Based on current projections of the Department of Energy (DOE), renewable energy is expected to provide up to 40 percent of the country's primary energy requirements over the ten-year period beginning in 2003. Although its share will decline in relation to the total figure, it is estimated to grow at an average annual rate of 2.4 percent in absolute terms. Biomass, micro-hydro, solar and wind will remain to be the largest contributors to the total share of renewable energy in the energy mix with an average share of 27.5 percent. Meanwhile, hydro and geothermal will contribute the balance and continue to be a significant source of electric power.
An alternative scenario has been drawn up which sets higher targets for RE's contribution to the country's installed generating capacity based on the enhancement of existing programs and strategies, realization of higher production targets, establishment of market-based industry and availability of new international financing schemes such as the Clean Development Mechanism (CDM). RE-based capacity is foreseen to reach 9,147 MW by 2013, a dramatic 100-percent increase from its current level of 4,449 MW. This corresponds to a total of 4,698 MW of RE-fueled power plants which need to be commissioned within the ten-year period.
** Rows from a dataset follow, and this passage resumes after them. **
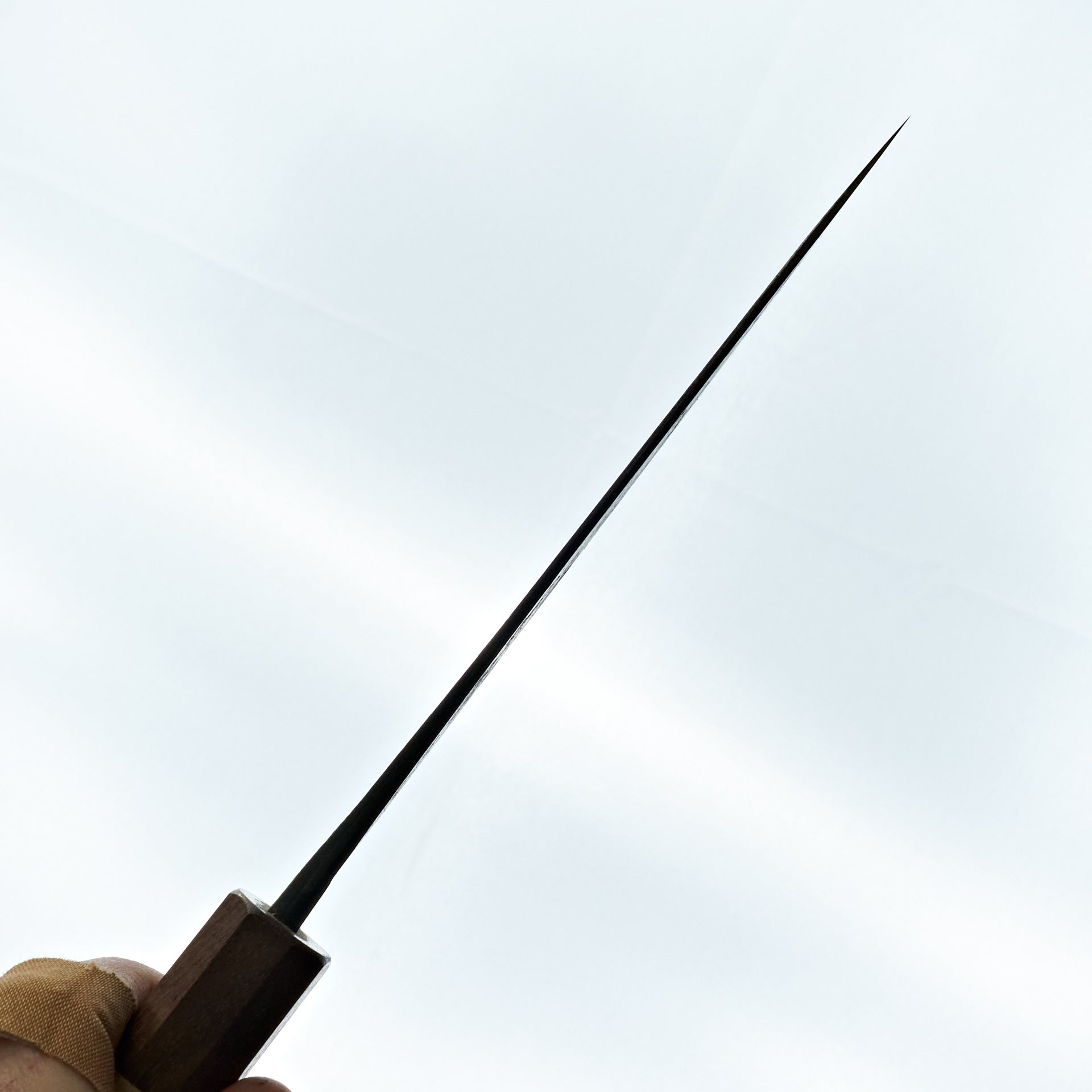 He focuses primarily on forging Shirogami (White) #2 carbon steel cladded in iron. The nashiji kurouchi displays all of the character and detail that happens during the forging process. The bevels are finished by hand on Japanese whetstones to ensure an even grind and geometry. The forged distal taper is quite impressive and has a nice progressive thinness towards the tip. Lightly convexed bevels and very thin behind the cutting edge. The octagonal handle is made from magnolia and walnut ferrule.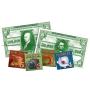 I asken finner du 5 hjälpkort (ett till vardera spelare), en mängd brickor, pjäser, kort och marker.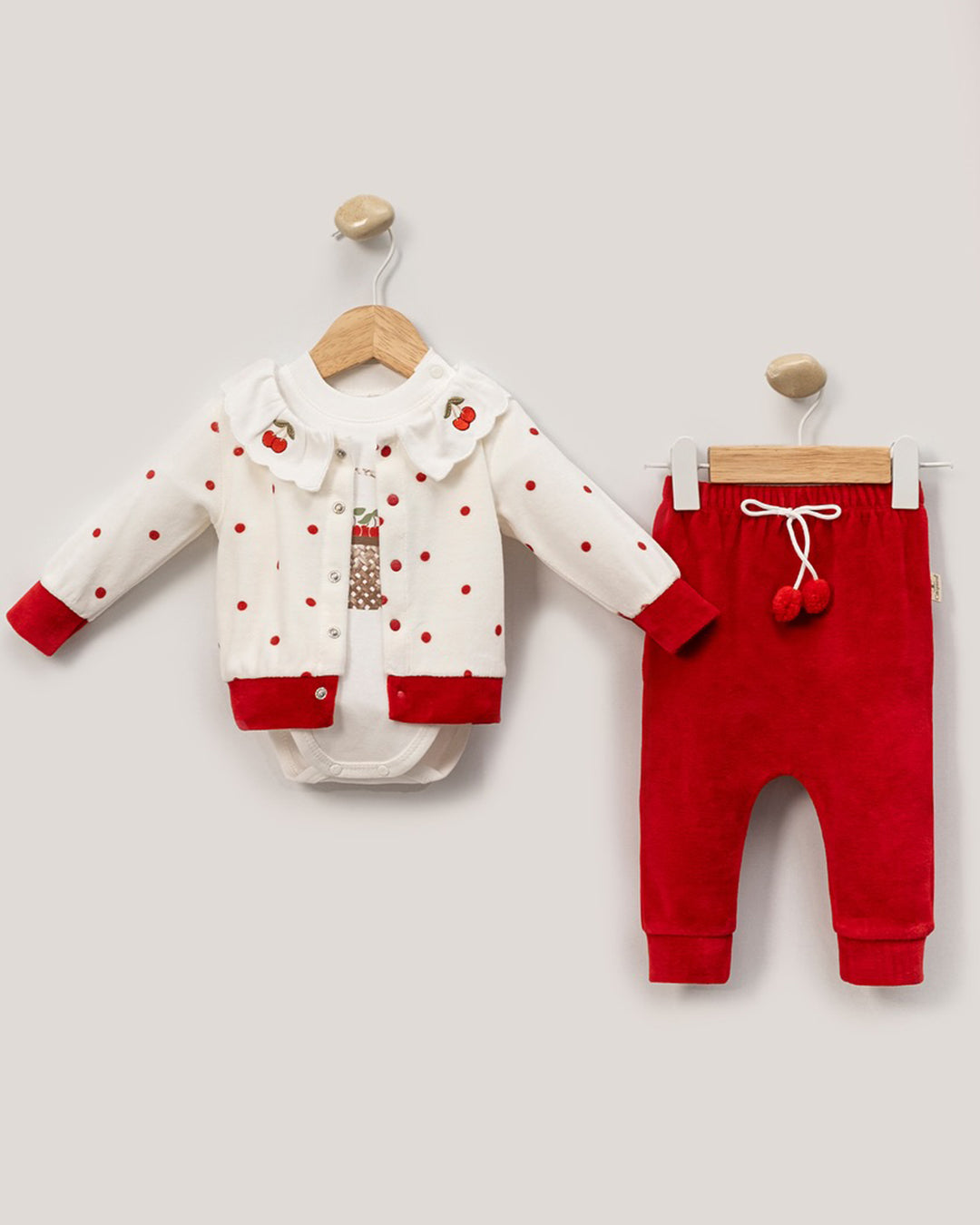 يتكوّن من 3 قطع أنيقة: سترة بقبعة مزينة بفيونكة، بودي وسروال مريح.

With increased private sector investments as well as the adoption of modern and innovative technologies in exploration and development, the DOE is targeting the installation of an additional 1,200 MW of geothermal capacity within the next ten years, resulting in an increase of about 60 percent from the 2002 level of 1,931 MW. The attainment of this target is being pursued as a strategy to maintain, if not improve, the Philippines' ranking as the second largest geothermal producer in the world. For the hydro sector, the aim is for up to 2,950 MW of additional capacity to be installed within the next ten years on top of the 2002 level of 2,518 MW, reaching a total of 5,468 MW by 2013. Finally, the DOE will push for the installation of up to 548 MW from RE sources by 2013. Of this total, 417 MW will come from wind-based power while the remaining 131 MW will be sourced from solar, ocean and biomass.